Pazifische Auster am Stand in Schleswig-Holstein. Foto: imago images/Westend61

Viele Arten werden über Häfen eingeschleppt

Das Problem: "Wenn sie einmal da sind, bekommt man sie nur sehr schwer wieder weg. Daher ist es wichtig zu untersuchen, wie sie sich auswirken", sagt Sanns weiter. In einem Team über ein zwischen den deutschen Küstenländern und dem Bund abgestimmten Monitoring-Programm werden seit 2009 alle neuen Arten dokumentiert. An der schleswig-holsteinischen Westküste finden die Untersuchungen in den Häfen List/Sylt und Hörnum/Sylt sowie in den Häfen von Büsum und Brunsbüttel statt.

Warum Häfen? Einer der Haupteintragspfade von gebietsfremden Arten sind Schiffe, die in ihrem Ballastwasser oder im Bewuchs der Schiffsrümpfe gebietsfremde Arten mitführen.

Zahl invasiver Arten steigt weiter

Die Ergebnisse des jährlichen Monitorings werden schriftlich festgehalten. Die Untersuchungen zeigen einen kontinuierlichen Anstieg der Artenzahlen in allen vier Häfen zusammen von 29 Arten im Jahr 2016 auf 44 im Jahr 2019, die meisten der gefundenen gebietsfremden Arten sind in deutschen Küstengewässern seit langem bekannt und etabliert. Dazu zählen etwa die Asiatische Pinselfelsenkrabbe oder der Japanische Beerentang.

Und das Seepferdchen?

Doch nicht alle gebietsfremden Arten schädigen das ökologische Gleichgewicht.
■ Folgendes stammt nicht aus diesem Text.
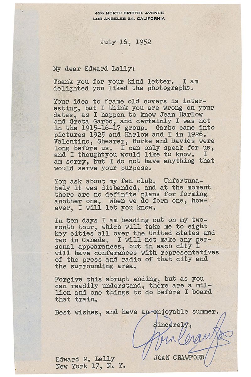 TLS, one page, 5.75 x 9.25, personal letterhead, July 16, 1952. Letter to an admirer. In part: “Your idea to frame old covers is interesting, but I think you are wrong on your dates, as I happen to know Jean Harlow and Greta Garbo, and certainly I was not in the 1915-16-17 group. Garbo came into pictures in 1925 and Harlow and I in 1926. Valentino, Shearer, Burke, and Davies were long before us…You ask about my fan club. Unfortunately it was disbanded, and at the moment there are no definite plans for forming another one.” Letter is affixed to an identical size piece of cardstock. In fine condition, with trimmed edges and a mounting remnant along the reverse of left edge.
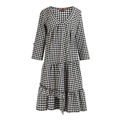 Plaid dress Made from soft cotton blend Asymmetrical valances Button sleeve strap V-neck
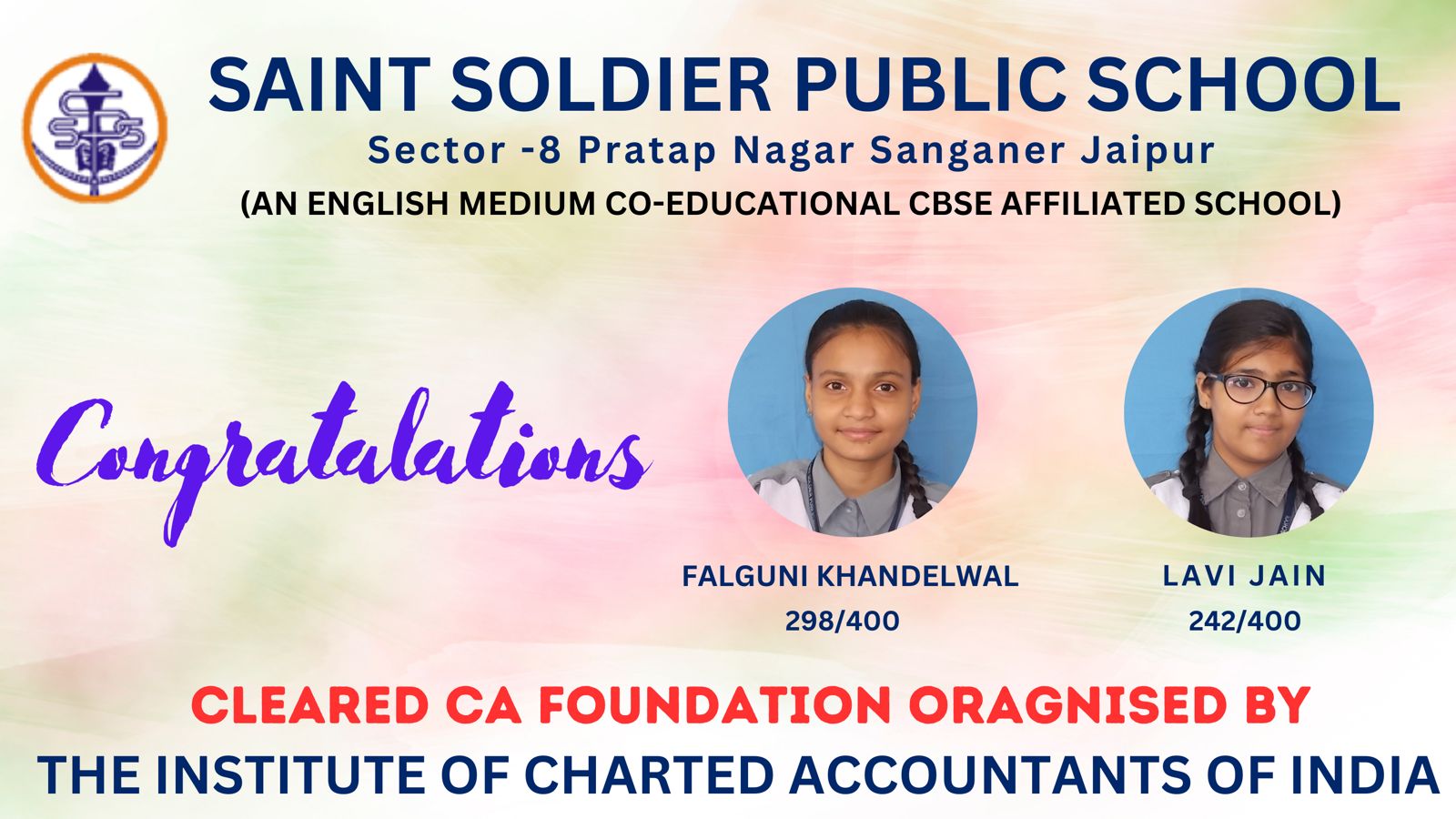 CONGRATULATIONS!!! FOR CLEARED CA FOUNDATION ORGANISED BY THE INSTITUTE OF CHARTED ACCOUNTANTS OF INDIA
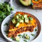 Scoop out slices and garnish with sour cream, fresh avocado slices or mash, and a sprinkle of cilantro for a fresh burst that brightens the rich flavors.
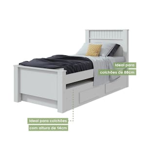 Se você está em busca de uma noite revigorante de sono, vai se apaixonar pela Cama Athenas. Confeccionada com materiais de qualidade e resistência, ela terá uma vida útil muito mais longa e ainda ajudará a decorar seu dormitório com graça e charme. Ela não é linda? Aproveite! Acabamento da Gaveta: Pintura Acabamento da Porta: Acabamento da Prateleira: Acabamento dos Pés: Pintura Acompanha Cama Auxiliar: Sim Acompanha Colchão: Não Acompanha Dossel: Acompanha Móbile: Acompanha Suporte para Mosquiteiro: Altura do Estrado até o Chão: 40 Altura dos Pés: 16 Ambiente Principal: Quarto Cama Auxiliar Acompanha Colchão: Não Cama Auxiliar com Rodízio: Sim Cama Auxiliar Suporta Até (kg): 120 Complexidade da Montagem: Média: pode ser montado por mais de uma pessoa e/ou necessite de maior conhecimento para montagem Cor: Branco Cor do Produto: Branco Cor Flex: Escala de Brilho: Fosco Escala de Brilho da Gaveta: Fosco Escala de Brilho da Porta: Escala de Brilho da Prateleira: Extensível: Não Gaveta com Chave: Não Informações Complementares: Itens Inclusos: 1 Cama, Kit Ferragens e Manual de Montagem Largura Máxima: Largura Mínima: Linha ou Coleção: Manual de Especificação Técnica: Manual de Montagem e Instalação: https://cdn2.madeiramadeira.com.br/atributo/mOveis-lopas/1011550-bicama-solteiro-athenas.pdf Material da Gaveta: MDF Material da Porta: Material da Prateleira: Material do Estrado: MDF Material do Puxador da Gaveta: Material do Puxador da Porta: Material dos Pés: MDF Material Principal: MDF Montagem Flex: Necessita Montagem: Sim Origem do Produto: Nacional Permite a Utilização de Cama Auxiliar: Sim Peso: 35.19 Peso Máximo por Gaveta: 5 Peso Máximo por Prateleira: Possui Baú: Não Possui Gavetas: 02 Possui Pés: 04 Possui Portas: Não Possui Prateleiras: Não Possui Rodízio: Sim Recomendações de Uso, Manutenção e Limpeza: Limpar com flanela limpa e seca. Não usar produtos abrasivos. Rodízio com Trava: Não Sapatas Niveladoras: Não Sistema de Montagem: Parafusos Tamanho do Colchão Indicado (L x C): 188cmx88cm Tamanho do Colchão Indicado Cama Auxiliar: 188cmx88cm Tipo de Cama: Convencional Tipo de Colchão: Solteiro Tipo de Corrediça da Gaveta: Metálica Telescópica Tipo de Dobradiça/Corrediça da Porta: Tipo de Estrado: Removível Tipo de Madeira Maciça: Tipo de Madeira Maciça da Gaveta: Tipo de Madeira Maciça da Porta: Tipo de Madeira Maciça da Prateleira: Tipo de Madeira Maciça do Puxador da Gaveta: Tipo de Madeira Maciça do Puxador da Porta: Tipo de Madeira Maciça dos Pés: Tipo de Porta: Tipo de Puxador da Gaveta: Embutido Tipo de Puxador da Porta:
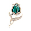 Yeşil Çiçek Yapay Elmas Broş Lale Cam Broş Yeşil
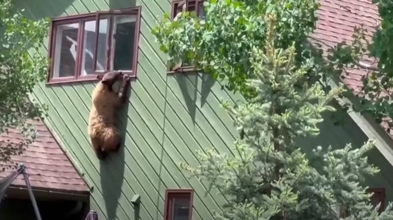 فيديو| دب شعر بالخطر فهرب من نافذة منزل

So lassen sich einheimische Vögel etwa die Amerikanische Schwertmuschel schmecken. Diese lange, schwertartige Muschel ist im Wattenmeer heimisch geworden, gehört sie doch mittlerweile zum gängigen Repertoire jeder Wattwanderung dazu.

Die Amerikanische Schwertmuschel gehört augenscheinlich zum Wattwandern, allerdings wurde die Muschel durch den Menschen unbeabsichtigt eingeschleppt und schadet den heimischen Wattbewohnern glücklicherweise nicht. Foto: Martin Stock

Das kann man vom Seepferdchen nicht gerade behaupten. Hier liegt die Vermutung nahe, dass dieses aus wärmeren Gefilden eingewandert sein könnte, weil es sich durch den Klimawandel bedingten Temperaturanstieg weiter im Norden nun wohlfühlt.

Falsch: Seepferdchen waren einst im Wattenmeer heimisch. "Sie sind aufgrund des Seegrassterbens in den 1930er Jahren stark im Bestand zurückgegangen und verschwanden schließlich von der Bildfläche", sagt Sanns. In den letzten Jahren berichten Forscher aber wieder von "vereinzelten Funden" in der Nordsee, zuletzt 2020. Konkrete Untersuchungen dazu gebe es bisher noch nicht. Im Multimar Wattforum in Tönning gibt es aber die Möglichkeit, die Tierchen in ihrem Algenwald zu beobachten.